The last couple days I’ve been working trying to tweak my computers after installing DSL. Compared to a lot of people I’ve read about, I have had an entirely different problem: the DSL works great, Windows still sucks.
I only had one glitch with my DSL install. The technician who modified the phone line also managed to turn off one of my voice lines, which took a couple of days to get repaired. That was it. The actual DSL installation went without a hitch. Hooked the modem up, installed the software, did a few reboots and wow — the speed on this thing is incredible. It’s significantly faster than even my high speed access at work (probably because there’s only one user instead of several thousand sharing a bunch of T1 lines).
The problem I’m having is sharing the connection over my LAN — actually the install pretty much rendered my entire LAN inoperable.
I was going to just plug the DSL output cable into a LinkSys router, but Ameritech got tricky on me. They sent me a USB DSL modem — so rather than having an Ethernet cable going to my computer I have a USB cable. Which is kind of stupid since the USB bandwidth is so limited. It works great on the computer I’ve got it installed in, but only because that computer doesn’t have any other USB devices (I’d probably return it and insist on a different modem if I weren’t leaving in a year or so anyway — too much hassle for the short time left here).

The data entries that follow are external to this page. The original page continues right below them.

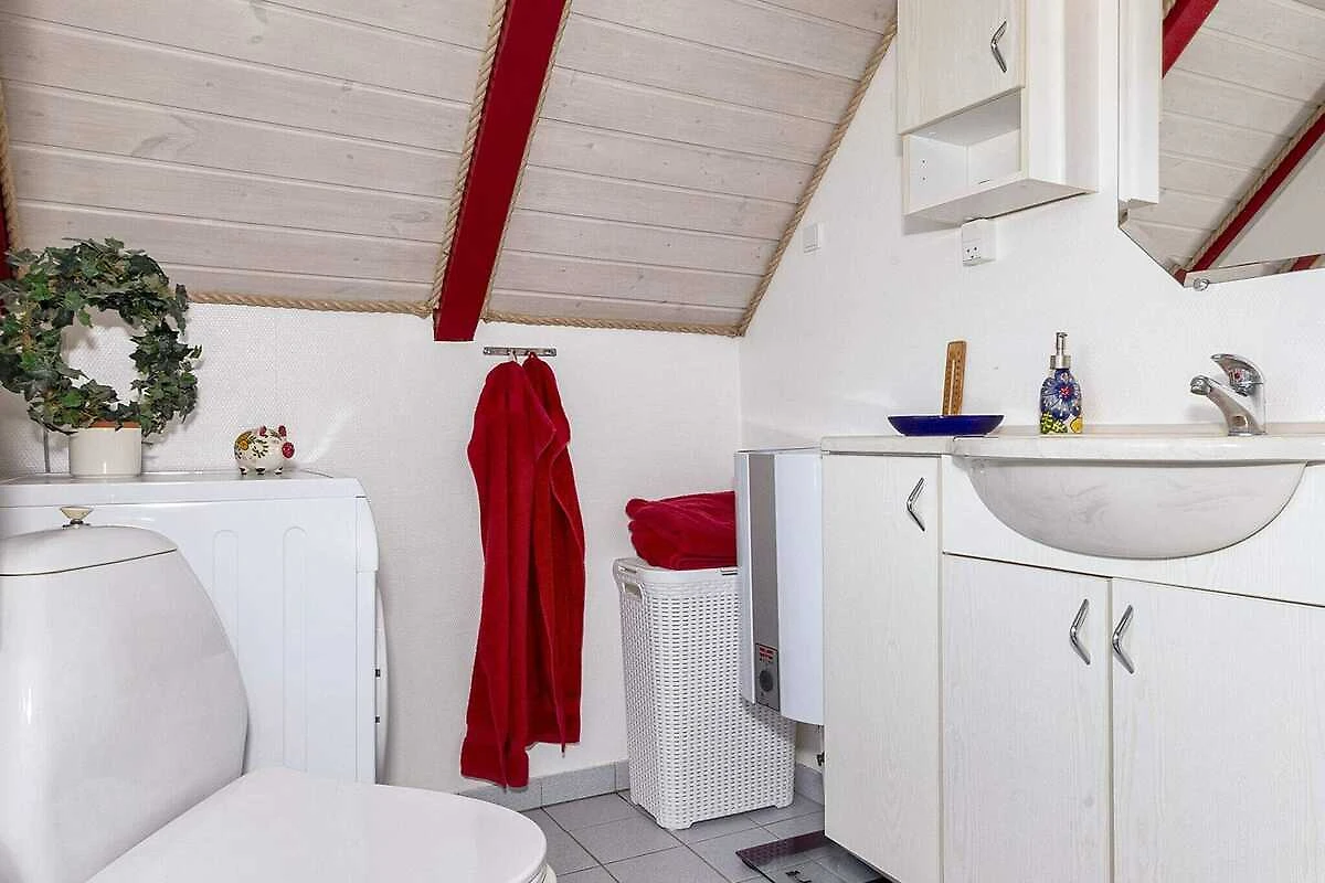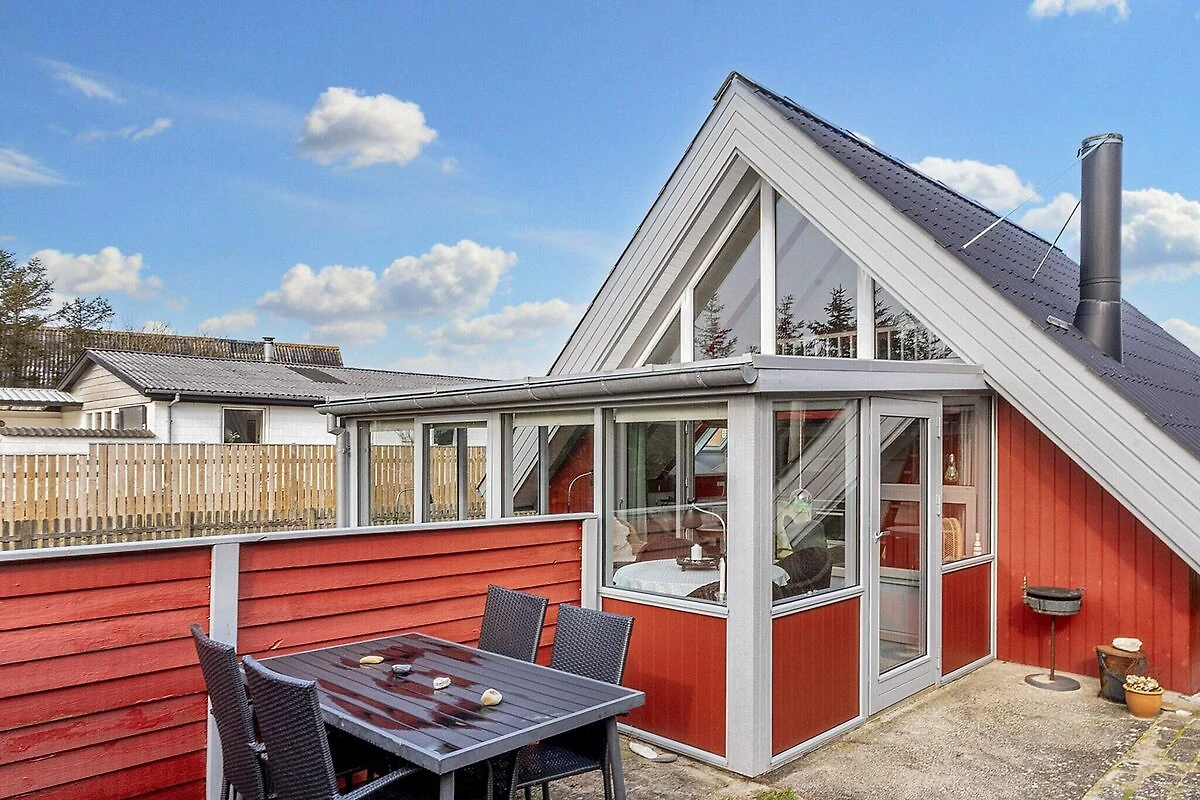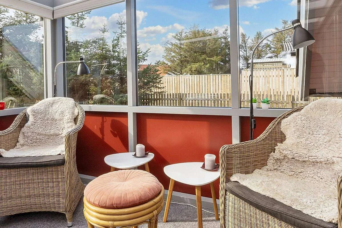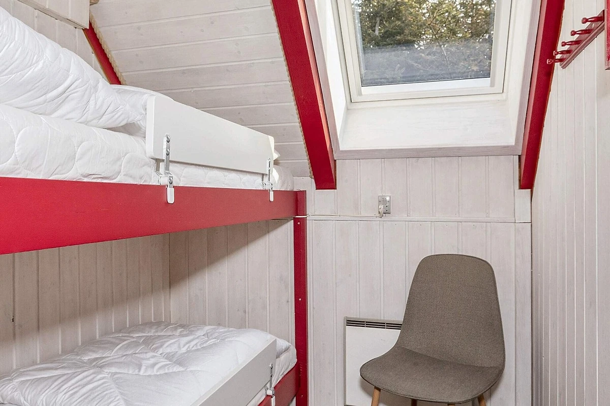 Küche(Herd(Induktion), Kaffeemaschine, Mikrowelle, Spülmaschine, Kühl-/Gefrierkombination, Hochstuhl), Wohn-/Schlafzimmer(TV(Deutsch Fernsehsender, dänische Fernsehsender, norwegische Fernsehsender, schwedische Fernsehsender), DVD-Spieler, CD-Spieler, Chromecast), Schlafzimmer(Doppelbett), Schlafzimmer(2x Etagenbett), Schlafzimmer(2x Einzelbett), Badezimmer(Waschbecken, Dusche, Toilette, Waschmaschine), Heizung(elektrisch), Terrasse, Gartenmöbel, Liegen, Luft-Luft-Wärmepumpe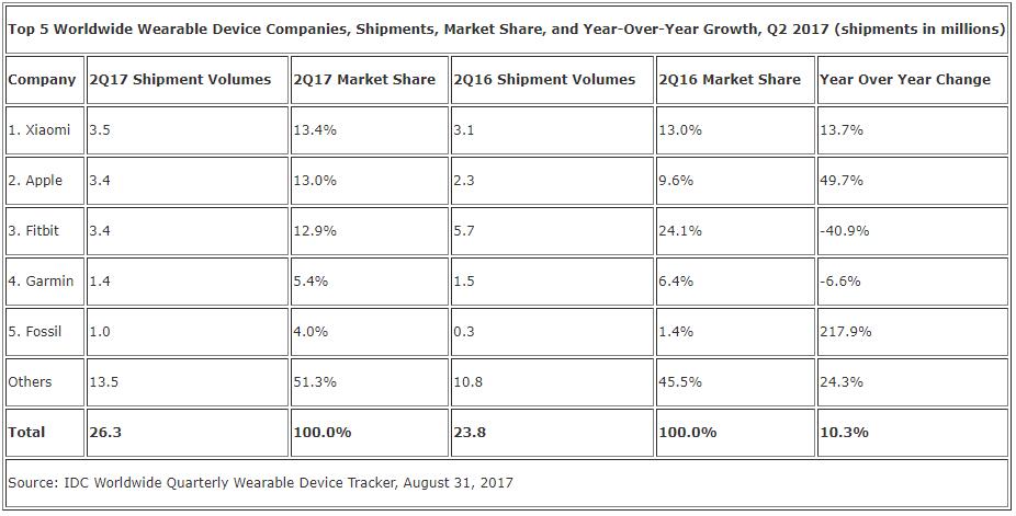 從IDC的數據來(lái)看,在榜單上位居前五名的各家公司在今年第二季度期間的可穿戴智能設備出貨量均超過(guò)了100萬(wàn)部,而三星似乎表現不佳,未進(jìn)入前五名行列。
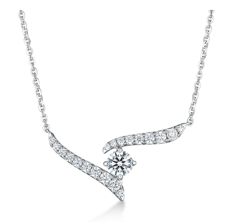 Bring out your inner glow with the VELA Crossover Pendant. A brilliant solitaire is embraced by curved diamond lines for a clean and modern look.
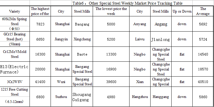 4. Price Tracking of Other Special Steel in a Week(unit: RMB yuan/ ton)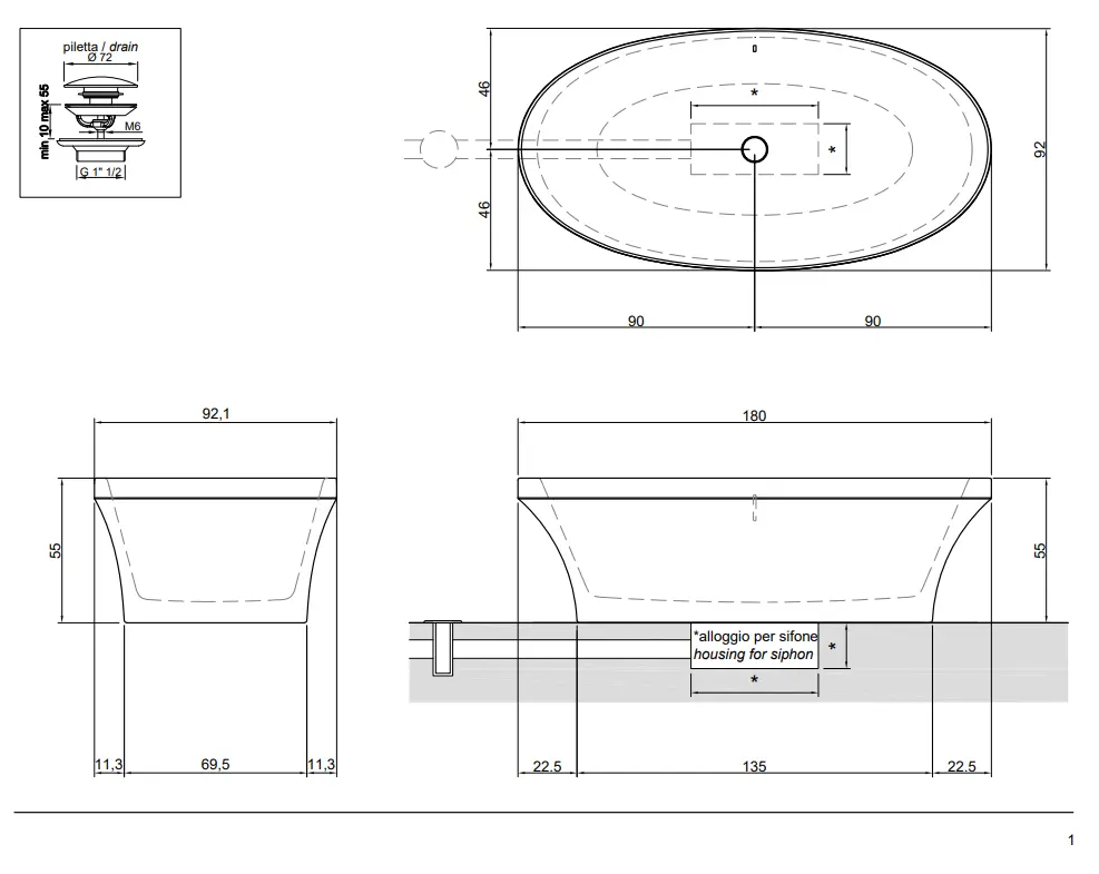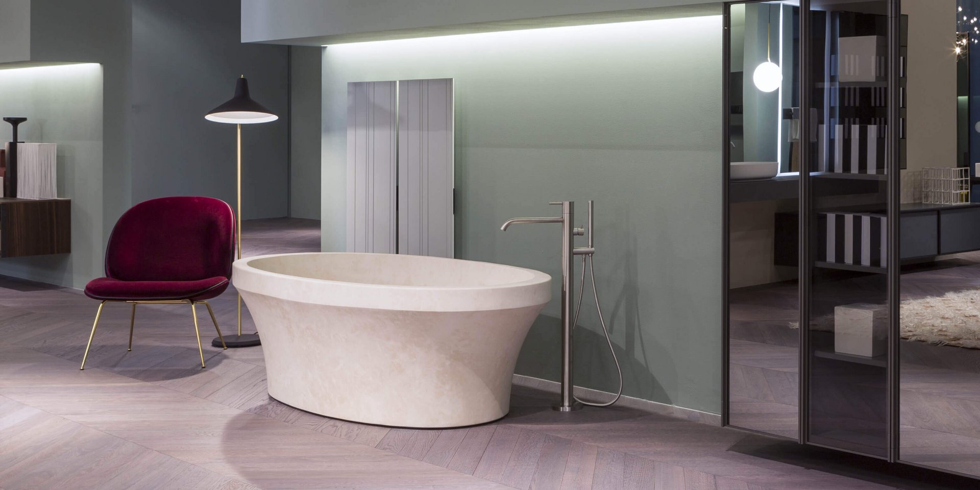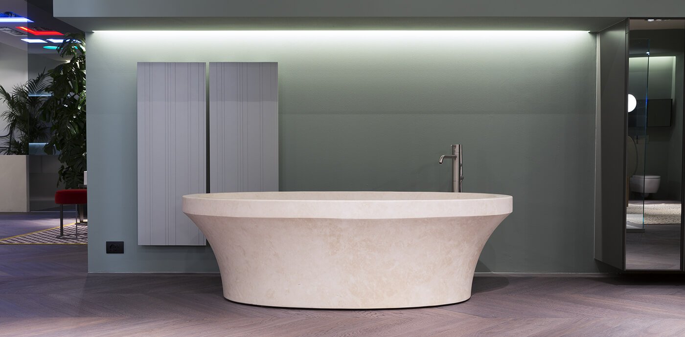 Antonio Lupi Epoque bad, ovaal ligbad, leverbaar in diverse kleuren compleet met afvoer, drukplug, sifon en flexibele slang. Verkrijgbaar bij Stone Company.

Since a hardware solution isn’t an option, I was trying to configure Windows to handle both the PPP Over Ethernet protocol that the DSL modem uses while still getting the file/print sharing to work. What a pain. Ameritech doesn’t want me to do to this (though it’s not strictly forbidden in my TOS), so they have no helpful hints. I’ve read stuff online from people who have the same modem who have gotten it to work over a LAN but it involves digging deep into Windows networking features, which I’ve never understood very well.